Common Sample Statistics: Variance

  • For Samples: \(s^2= \frac{(x_1-\bar x)^2+ (x_2-\bar x)^2 + ... + (x_n-\bar x)^2}{n-1}\) for sample
  • We divide by n-1 instead of n to make the result unbiased. This only matters for small samples.
  • Unbiased means that on average \(s^2=\sigma^2\) (ie if we repeat an experiment many times)
  • Standard deviation: \(\sigma=\sqrt\sigma^2,s=\sqrt s^2\)

Calculating Standard Deviation

    x
1:  1
2:  5
3: -7
4: 12
5: 15
  • Same dataset, but now we want to calculate standard deviation. Steps?
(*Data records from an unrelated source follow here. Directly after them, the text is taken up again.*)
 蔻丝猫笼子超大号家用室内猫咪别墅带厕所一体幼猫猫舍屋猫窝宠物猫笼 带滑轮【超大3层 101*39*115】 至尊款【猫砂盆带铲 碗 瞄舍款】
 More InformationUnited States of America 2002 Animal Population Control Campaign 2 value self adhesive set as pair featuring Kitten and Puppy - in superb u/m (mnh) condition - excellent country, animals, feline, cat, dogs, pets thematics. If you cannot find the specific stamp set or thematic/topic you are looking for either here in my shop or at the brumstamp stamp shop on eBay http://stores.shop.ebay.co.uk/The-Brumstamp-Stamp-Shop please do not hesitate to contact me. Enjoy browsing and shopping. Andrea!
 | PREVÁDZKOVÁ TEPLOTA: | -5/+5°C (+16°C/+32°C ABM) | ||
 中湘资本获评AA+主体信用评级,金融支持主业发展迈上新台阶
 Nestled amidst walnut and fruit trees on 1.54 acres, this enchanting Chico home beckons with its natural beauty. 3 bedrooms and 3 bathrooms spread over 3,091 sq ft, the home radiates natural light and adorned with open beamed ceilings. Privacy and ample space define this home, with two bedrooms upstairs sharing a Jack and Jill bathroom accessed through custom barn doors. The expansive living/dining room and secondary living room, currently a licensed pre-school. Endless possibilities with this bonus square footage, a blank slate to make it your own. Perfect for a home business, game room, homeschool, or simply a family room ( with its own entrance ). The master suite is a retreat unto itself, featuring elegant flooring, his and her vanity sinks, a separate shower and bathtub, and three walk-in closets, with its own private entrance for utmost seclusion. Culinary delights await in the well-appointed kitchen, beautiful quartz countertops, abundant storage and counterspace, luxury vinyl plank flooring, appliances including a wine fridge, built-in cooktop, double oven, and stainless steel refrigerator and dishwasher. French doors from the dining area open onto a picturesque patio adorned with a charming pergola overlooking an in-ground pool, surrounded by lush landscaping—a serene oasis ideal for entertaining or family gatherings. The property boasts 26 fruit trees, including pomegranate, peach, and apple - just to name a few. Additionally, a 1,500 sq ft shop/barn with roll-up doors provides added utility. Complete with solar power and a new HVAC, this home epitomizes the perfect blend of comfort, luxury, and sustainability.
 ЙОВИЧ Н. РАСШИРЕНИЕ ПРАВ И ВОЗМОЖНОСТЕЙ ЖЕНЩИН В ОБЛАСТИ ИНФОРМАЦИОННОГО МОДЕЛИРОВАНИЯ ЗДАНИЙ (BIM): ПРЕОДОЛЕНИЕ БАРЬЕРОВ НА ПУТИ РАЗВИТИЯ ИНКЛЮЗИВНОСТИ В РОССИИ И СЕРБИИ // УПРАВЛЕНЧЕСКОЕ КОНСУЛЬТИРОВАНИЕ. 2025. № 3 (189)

Calculating Standard Deviation

  • First calculate variance, the average (squared) distance from the mean:
    • subtract \(\bar x\) from each observation
    • Square the result
    • Take the mean of this result

Calculating Standard Deviation: Tabular Calculation

    x xbar difference squaredDifference
1:  1  5.2       -4.2             17.64
2:  5  5.2       -0.2              0.04
3: -7  5.2      -12.2            148.84
4: 12  5.2        6.8             46.24
5: 15  5.2        9.8             96.04
[1] 308.8
  • This is the sum of squared differences. To get the variance divide by \(n=5\) if a population (\(\sigma^2\)), or \(n=4\) if a sample (\(s^2\))
    • \(\sigma^2=61.76, s^2=77.2\)

Calculating Standard Deviation: Tabular Calculation

  • Finally, squared units are weird, so take the square root to get the standard deviation (\(\sigma\) or \(s\))
    • \(\sigma=7.86, s=8.79\)

A note on higher moments

  • The information in the variance and standard deviation is captured in \(E[X^2]\), the second moment.
  • \(E[X^3]\) gives the skewness of a distribution
  • \(E[X^4]\) gives the tail weight (kurtosis)
  • Given \(E[X], E[X^2],...E[X^n]\) for n from 1 to \(\infty\) fully specifies all “well-behaved” distributions
    • Analogous to Taylor’s theorem

Random Variables

  • A random variable is used to represent a random event
  • The variable itself is typically denoted as a capital letter, and the outcome a lowercase one
    • \(X\) is the roll of a die. \(X=5\) means a specific roll was a 5. \(X=x\) means a specific roll was \(x\)
  • Random Variable Operations:
    • Measure the probability of a specific event: \(P(X=5)\)
    • Measure the average value \(E[X]\)
    • Transform them: \(X^2\) is the value of a squared dice roll. \(X+Y\) is the sum of 2 dice

Random Variable Representation: Dice

  • Suppose we toss a six-sided die. How can we represent this event mathematically?
  • We can specify all possible outcome and their associated probability
  • outcomes: {1,2,3,4,5,6}
  • probabilities: {\(\frac{1}{6},\frac{1}{6},\frac{1}{6},\frac{1}{6},\frac{1}{6},\frac{1}{6}\)}
  • How to visualize?

Random Variable Visualization: Histograms

Discrete Random Variables

  • If a random variable has a countable number of outcomes (like a dice roll or a coin flip) it is called discrete
    • The function that generates the histogram is called the probability mass function, \(p(x)\). \(\sum p(x) = 1\)
  • Two events are independent if their joint probability is the product of their individual probabilities
    • \(P(X \cap Y) = P(X) * P(Y)\)
    • Means that knowing the value of one random variable gives us no information about the other
    • Extremely strong assumption!

Adding random variables: Dice

  • A roll of a 6 sided die is a random variable. \(p(x)=\frac{1}{6}, x\le 6\ \, x \in\mathbb{N}\)
  • If X is the event of a roll of 1 die, and Y of a second die, then \(X+Y\) gives the probability associated with the outcome of rolling two dice
  • What is the probability that \(X+Y=7\)?
  • Calculation is called a convolution. Notice the symmetry!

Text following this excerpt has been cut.